In petrelharp/msarg: Simulate Spatial Demographies with ms

require(ape)
library(msarg)
fig.dim <- 5
knitr::opts_chunk$set(fig.height=2*fig.dim,fig.width=2*fig.dim,fig.align='center')

Here are some simpler, probably better, specific examples:

Appearance, and disappearance, of a barrier
Parallel universes
Sudden appearance, and gradual retreat, of a glacier

Forwards and Reverse Time

The migration rates of ms are: "$m_{ij}$ the fraction of subpopulation $i$ which is made up of migrants from subpopulation $j$ each generation". But to translate to more natural units of migration, we need to scale these rates by population size; as the ms documentation notes: adding -n 3 0.5 has the effect that: "the number of migrant copies arriving each generation from a particular population, or from all other subpopulations, to population 3 is half as large as a consequence of this command. This is because the fraction of migrants is the same, but the total number of individuals is half what it would have been without the -n command." In other words, the -m of ms gives the probability of migration of a lineage, in reverse time, not an individual.
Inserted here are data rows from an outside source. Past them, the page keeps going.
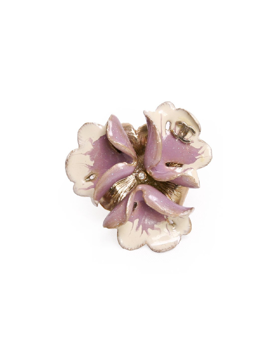 Bague Fleur CHANEL émail mauve et ivoire
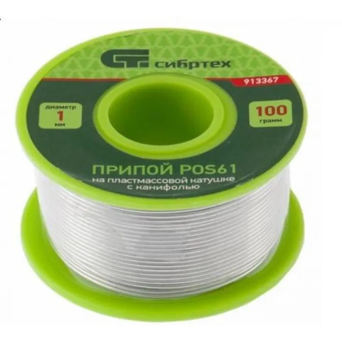 Припой с канифолью Сибртех D 1мм, 100 г, POS61, на пластмассовой катушке , Нижний Новгород
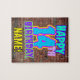 Cette conception amusante de puzzle sur le thème de l'anniversaire comporte le message "HAPPY 14TH BIRTHDAY", ayant un look dynamique, coloré, graffiti et art urbain inspiré, en plus d'un nom de destinataire personnalisé. L'arrière - plan est décoré d'un motif d'inspiration murale en brique. Un casse-tête amusant et customisé comme celui-ci pourrait être utilisé pour reconnaître le quatorzième anniversaire de quelqu’un. [~Z0000532]
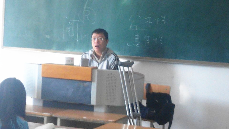 本学期开学初,葛欣老师右脚脚踝骨骨折,脚上绑着石膏,胳膊拄着双拐,依旧坚持站在一二校区的讲台上。葛欣老师作为法律教学团队带头人,一直承担着团队里最多的课时工作量,再加上这学期的课程有近一半在第二校区,所以,他每周都至少有两天要拄着双拐起早坐通勤车赶往第二校区上课,一周五天工作日没有一天是可以在家休息的。医生一直建议葛欣老师躺在床上静养,但他总是说:“在家休息,不上课,我的那些学生怎么办?我放心不下他们。”就这样,葛欣老师坚持拄着双拐到班级,同学们总会争相给他搬来椅子,帮他放好双拐,下课后,还会送他到下一个上课班级。由于长时间行走和站立,使受伤的右脚格外肿痛,但他总说没事,坚持一下就好了。同学们总会开玩笑地说:“葛欣老师虽然受伤了,但也不影响他在我们心中的高大形象!”葛欣老师放心不下他的学生,他喜爱课堂,他忠于讲台,他的学生们也敬重他。

To make this more intuitive, and along the way make it easier to specify range expansions, we're going to be specifying migration rates in forwards time. The migration rate $m_{ij}$ of ms is: $$ m_{ij} = \frac{ \text{(number of inmigrants to $i$ from $j$ per generation)} }{ \text{(size of population $i$)} } $$ or equivalently $$ m_{ij} = \text{(probability an indiv from $j$ will migrate to $i$ per generation)} \times \frac{ \text{(size of population $j$)} }{ \text{(size of population $i$)} } $$ We'll specify things in terms of probability an indiv from $j$ will migrate to $i$ per generation, which we call $\tilde m_{ji}$, and then when outputting to ms format, compute $m_{ij} = \tilde m_{ji} n_j/n_i$.

After this, as populations get smaller (back in time), the lineages tend to move out of them; so rather than dissappearing populations (with -ej and the like) we can just make them very small, and lineages will instantly do the right thing.

Population growth

ms allows specification of population growth rates. These don't interact with migration in the way we'd want them to (see above); so we won't use this option.

Grid Arrays

The basic object is the population model for a given chunk of time. We'll just deal with sets of populations on a grid, so that will be a gridArray object. Let's make one, with two layers, of a 30 x 20 grid, within-layer migration rates of 1 and between-layer rates of 0.1:

ga <- grid_array(nlayers=2,nrow=30,ncol=20,N=1000,mig.rate=1,admix.rate=0.1)
plot(ga)

In the plot, the diagonal shows arrows weighted by migration rates within a given layer, and offdiagonals show circles with size proportional to the "admixture" migration between the relevant layers. This looks pretty boring because all the migration rates are the same, and isn't showing between-layer migration rates at the moment. So we have something to look at, let's increase migration rates on one layer, and then restrict each layer to a circle centered on the two corners:

ga <- modify_migration(ga,layer=1,doutM=rexp(ncol(ga)*nrow(ga)),dinM=rexp(nrow(ga)*ncol(ga)))
plot(ga)
ga <- restrict_patch(ga,layer=1,xy=c(1,1),r=10)
ga <- restrict_patch(ga,layer=2,xy=c(nrow(ga),ncol(ga)),r=10)
plot(ga)

Note that each population also has an associated "exponential growth" rate.

We can also add barriers:

ga <- grid_array(nlayers=2,nrow=30,ncol=20,N=1000,mig.rate=1,admix.rate=0.1)
ga <- add_barrier(ga, layer=1, rows=c(5,15))
ga <- add_barrier(ga, layer=2, cols=10)
plot(ga)

Demographies

Now, here's an example of stringing these together into a model, with four model changes, and various dt between them:

dem <- ms_demog( grid_array(nlayers=2,nrow=30,ncol=20,N=1000,mig.rate=1,admix.rate=0.1) )
dem[[1]] <- modify_migration(dem[[1]],layer=1,doutM=rexp(prod(dim(dem[[1]])[1:2])),dinM=rexp(prod(dim(dem[[1]])[1:2])))
dem <- add_to_demography( dem, dt=2, add_barrier, layer=1, rows=10 )
dem <- add_to_demography( dem, dt=1, restrict_patch, layer=1,xy=c(1,1),r=10 )
dem[[3]] <- restrict_patch(dem[[3]],layer=2,xy=c(nrow(dem[[1]]),ncol(dem[[1]])),r=10)
dem <- add_to_demography( dem, dt=2, identity )
dem[[4]] <- dem[[1]]
cat("t=",0,"\n")
plot(dem[[1]])
cat("t=",dem@t[1],"\n")
plot(dem[[2]])
cat("t=",dem@t[2],"\n")
plot(dem[[3]])
cat("t=",dem@t[3],"\n")
plot(dem[[4]])

We also have a function to convert these to ms command line parameters. To check this, let's try a smaller model.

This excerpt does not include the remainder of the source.